70 Prozent Fichten verlorenBad Münstereifel will bei Nachpflanzungen experimentieren
Bad Münstereifel – Die ältesten Hemlocktannen-Arten sind bis zu 1400 Jahre alt, wenn man einem Online-Lexikon glaubt. Ob jemals in dieser langen Zeit mit solcher Vehemenz um den Baum aus der Familie der Kieferngewächse diskutiert wurde, wie jüngst im Betriebsausschuss Forstbetrieb in Bad Münstereifel, ist nur schwer vorstellbar.
Es ging um die Herbstpflanzung, die jetzt ausgeschrieben werden sollte, weil nach den Windwürfen und Schäden durch Borkenkäferbefall Baumschulen größtenteils ausverkauft sind. Deshalb sollen die entsprechenden Pflanzen frühzeitig beschafft werden. Weil jedoch niemand genau weiß, welche Bäume vom Klimawandel am wenigsten betroffen sind, will Förster Stefan Lott im Bereich der Nachpflanzungen ein wenig experimentieren, etwa mit Douglasie, Küstentanne, Baumhasel, Roteiche, Tulpenbaum, Esskastanie – und eben der Hemlocktanne, von der 1000 Stück gekauft werden sollen.
„Wir haben in der Fraktion über die Hemlocktanne gesprochen. Sie ist gut, aber für uns nicht geeignet. Wir haben zu wenig Niederschlag, zu viel Windwurf, zu viele Schädlinge und sie ist hoch invasiv“, sagte Ausschussvorsitzender Horst Dürholt (CDU). Außerdem stehe die Hemlocktanne nicht auf der Empfehlungsliste des Landesbetriebes Wald und Holz, wiederholte er mehrfach.
Vorkommen auch in Kall und Nettersheim
Dem stimmten Stefan Lott und Christoph Böltz, Leiter des Regionalforstamts Hocheifel-Zülpicher Börde, nur bedingt zu. Die Hemlocktanne sei im Münstereifeler Stadtwald schon vertreten und vor allen Dingen quicklebendig, so Lott. Böltz nannte weitere Vorkommen im Gebiet der Gemeinden Kall und Nettersheim.

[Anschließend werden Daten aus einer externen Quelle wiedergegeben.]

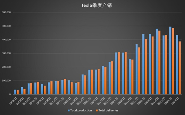 今年一季度,特斯拉的全球交付量为38.7万辆,同比降低8.5%,环比降低20.2%;产量为43.3万辆,同比降低1.7%,环比降低12.4%,这是特斯拉历史上首次遭遇产销量的同环比双降。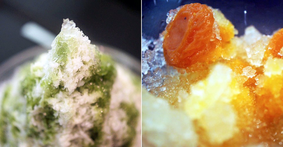 氷の表面が透き通って見えるのはシロップたっぷり吸い込んで、かいた氷が透き通ってしまっているから。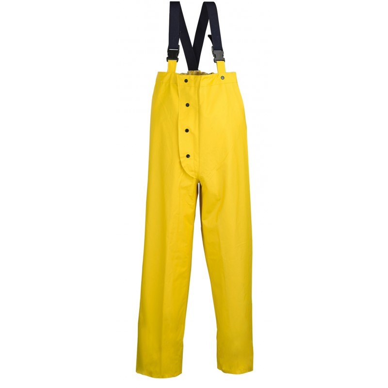 Cerata leggera ed impermiabile in poliestere giallo con spalmatura in PVC e cuciture saldate ad alta frequenza, dotata di larghe bretelle elastiche registrabili, dorsale elastica con fondo saldato e rinforzato, ampia apertura anteriore (dal petto al cavallo) con bottoni a pressione e cinghiette regolabili alle caviglie con chiusura a velcro.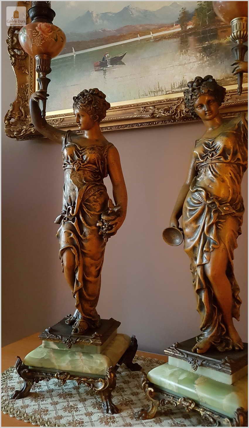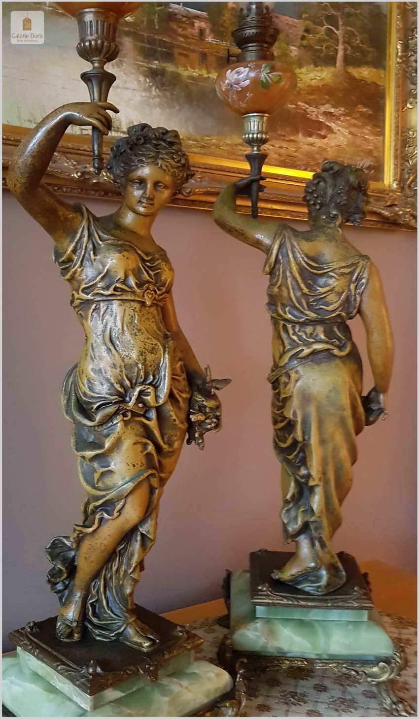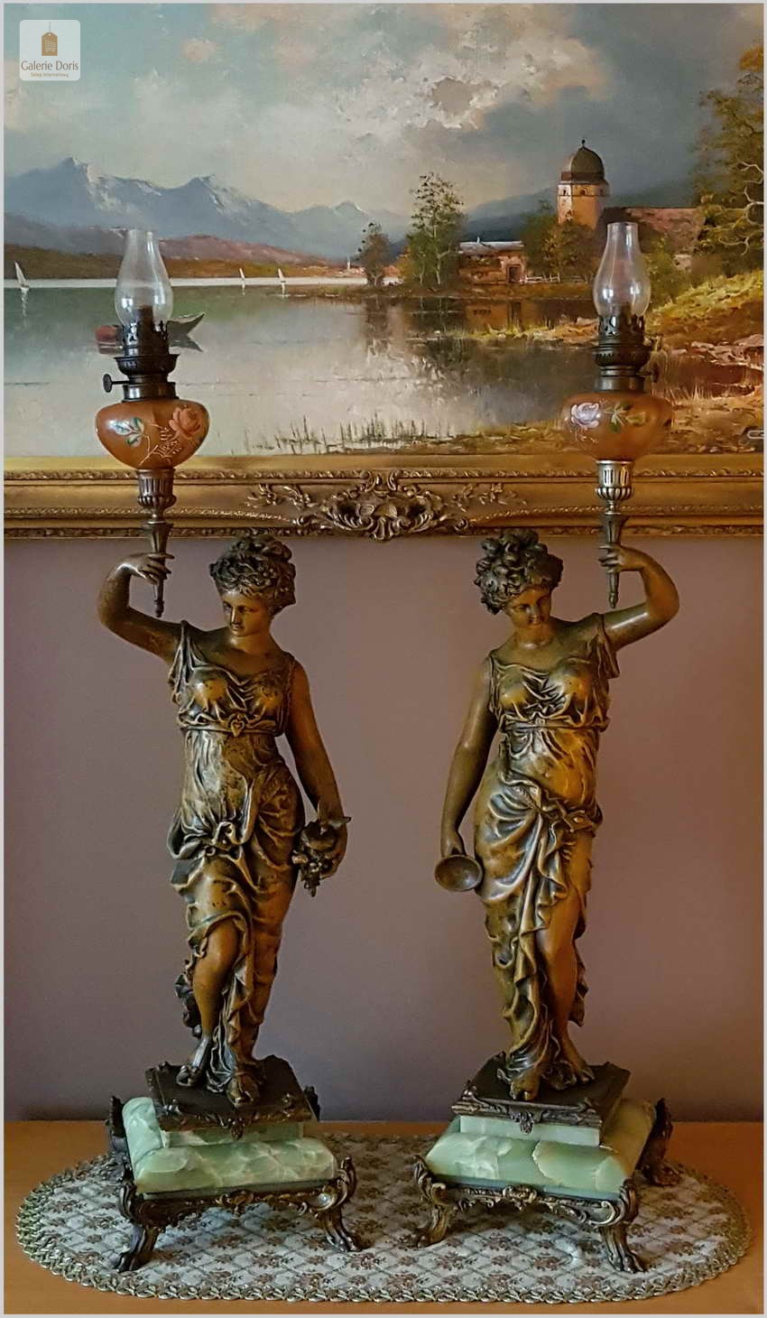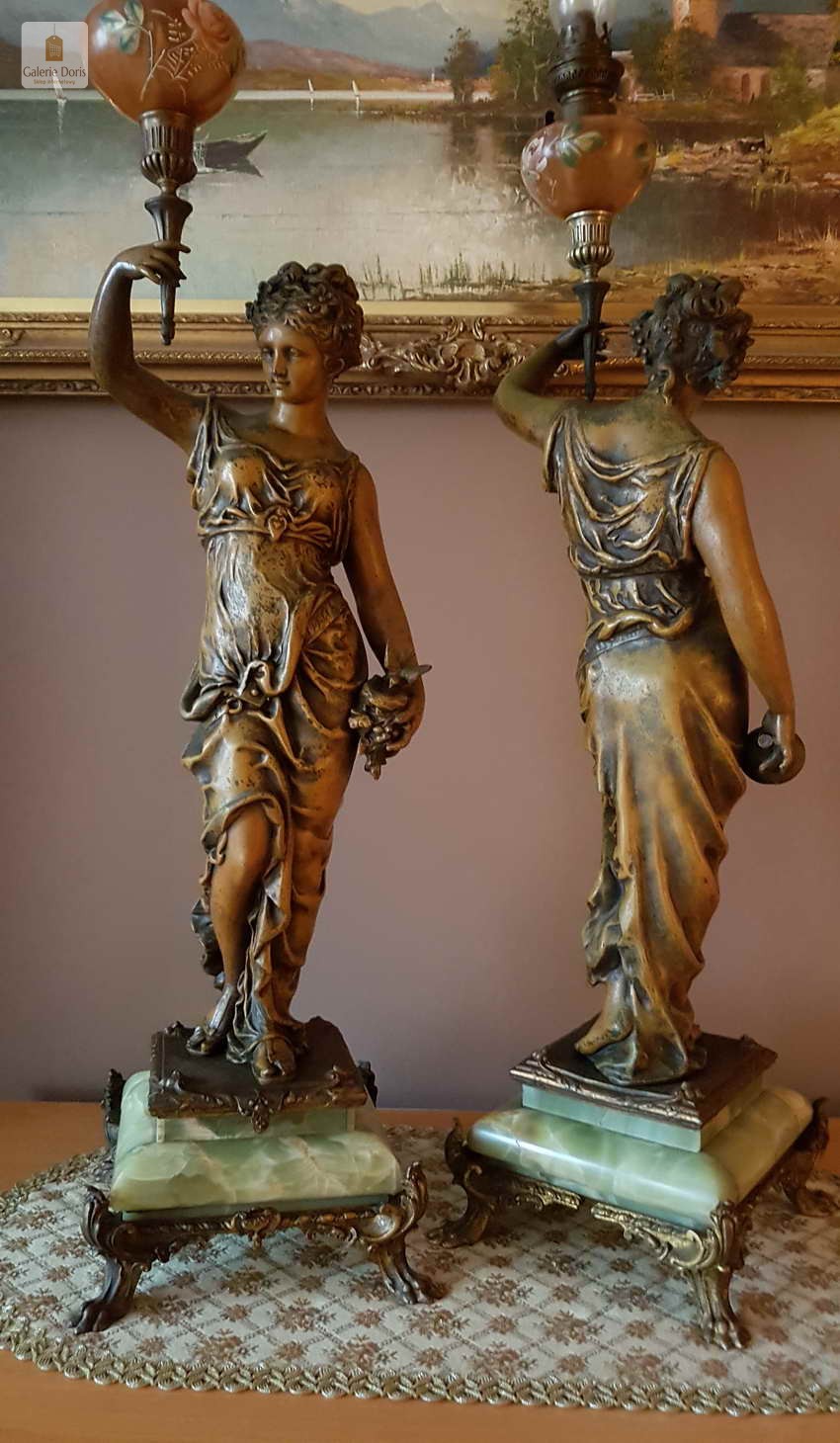 Polecamy piękny stary komplet Lamp Figuralnych, naftowych - oryginał!. Lampy wykonane w typowych stylach i ornamentach z epoki. Podstawa z onyx, oryginalna z epoki -Polecamy!

„Sie hat eine anständige Bewuchsleistung, ein angenehmes Waldbild und hat sich nicht als anfällig erwiesen. Wir sollten sie in ganz vorsichtigem Maße ausprobieren“, sagte Böltz. Eine Nicht-Empfehlung durch den Landesbetrieb sei außerdem nicht gleichzusetzen mit einer Ablehnung.
Die Grünen unterstützten die Experimentierfreude des Forstbetriebs. Auch Thomas Bell (Linke) sagte, man müsse für die Zukunft Erkenntnisse über andere Baumarten erlangen: „Das ist letztendlich eine Lotterie.“
Zuschlagskriterien
Allerdings gab es noch einen weiteren Punkt im Beschlussvorschlag, mit dem die Politiker nicht ganz einverstanden waren. Die Zuschlagskriterien bei der Pflanzenbeschaffung – gemeint sind der Preis und die Herkunft der Pflanzen – sollen sich laut Verwaltung die Waage halten.
Das sah Bernhard Ohlert (CDU) jedoch anders: „Wir sollten bevorzugt eigenes Saatgut kaufen. Wenn es das nicht gibt, sollte auch der Preis eine Rolle spielen.“ Mit eigenem Saatgut ist solches gemeint, das aus dem Bad Münstereifeler Wald stammt.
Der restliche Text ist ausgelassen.